**Requirement:** The answer should consist of each line below that contains the word "with".

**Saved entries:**
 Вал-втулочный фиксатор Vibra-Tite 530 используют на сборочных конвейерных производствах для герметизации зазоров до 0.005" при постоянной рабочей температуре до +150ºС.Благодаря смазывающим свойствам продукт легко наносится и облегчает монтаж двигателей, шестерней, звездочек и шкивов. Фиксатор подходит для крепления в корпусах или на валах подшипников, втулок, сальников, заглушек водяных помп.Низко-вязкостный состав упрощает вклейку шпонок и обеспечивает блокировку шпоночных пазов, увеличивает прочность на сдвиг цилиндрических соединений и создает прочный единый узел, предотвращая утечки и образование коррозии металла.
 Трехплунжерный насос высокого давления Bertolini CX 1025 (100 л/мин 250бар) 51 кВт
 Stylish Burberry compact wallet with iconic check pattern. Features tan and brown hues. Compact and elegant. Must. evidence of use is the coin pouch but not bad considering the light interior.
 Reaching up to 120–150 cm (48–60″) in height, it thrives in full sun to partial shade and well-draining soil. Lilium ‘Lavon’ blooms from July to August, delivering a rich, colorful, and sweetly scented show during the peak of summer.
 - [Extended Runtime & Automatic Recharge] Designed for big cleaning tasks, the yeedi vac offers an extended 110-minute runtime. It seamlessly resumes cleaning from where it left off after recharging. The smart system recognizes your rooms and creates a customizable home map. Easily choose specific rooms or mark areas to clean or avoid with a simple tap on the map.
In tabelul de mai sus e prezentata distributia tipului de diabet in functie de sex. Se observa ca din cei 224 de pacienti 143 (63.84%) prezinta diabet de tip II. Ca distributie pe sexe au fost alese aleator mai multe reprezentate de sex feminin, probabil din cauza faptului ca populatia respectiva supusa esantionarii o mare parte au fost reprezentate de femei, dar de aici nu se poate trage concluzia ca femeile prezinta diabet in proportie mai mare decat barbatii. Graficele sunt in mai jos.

**Output for this task:**
 Stylish Burberry compact wallet with iconic check pattern. Features tan and brown hues. Compact and elegant. Must. evidence of use is the coin pouch but not bad considering the light interior.
 - [Extended Runtime & Automatic Recharge] Designed for big cleaning tasks, the yeedi vac offers an extended 110-minute runtime. It seamlessly resumes cleaning from where it left off after recharging. The smart system recognizes your rooms and creates a customizable home map. Easily choose specific rooms or mark areas to clean or avoid with a simple tap on the map.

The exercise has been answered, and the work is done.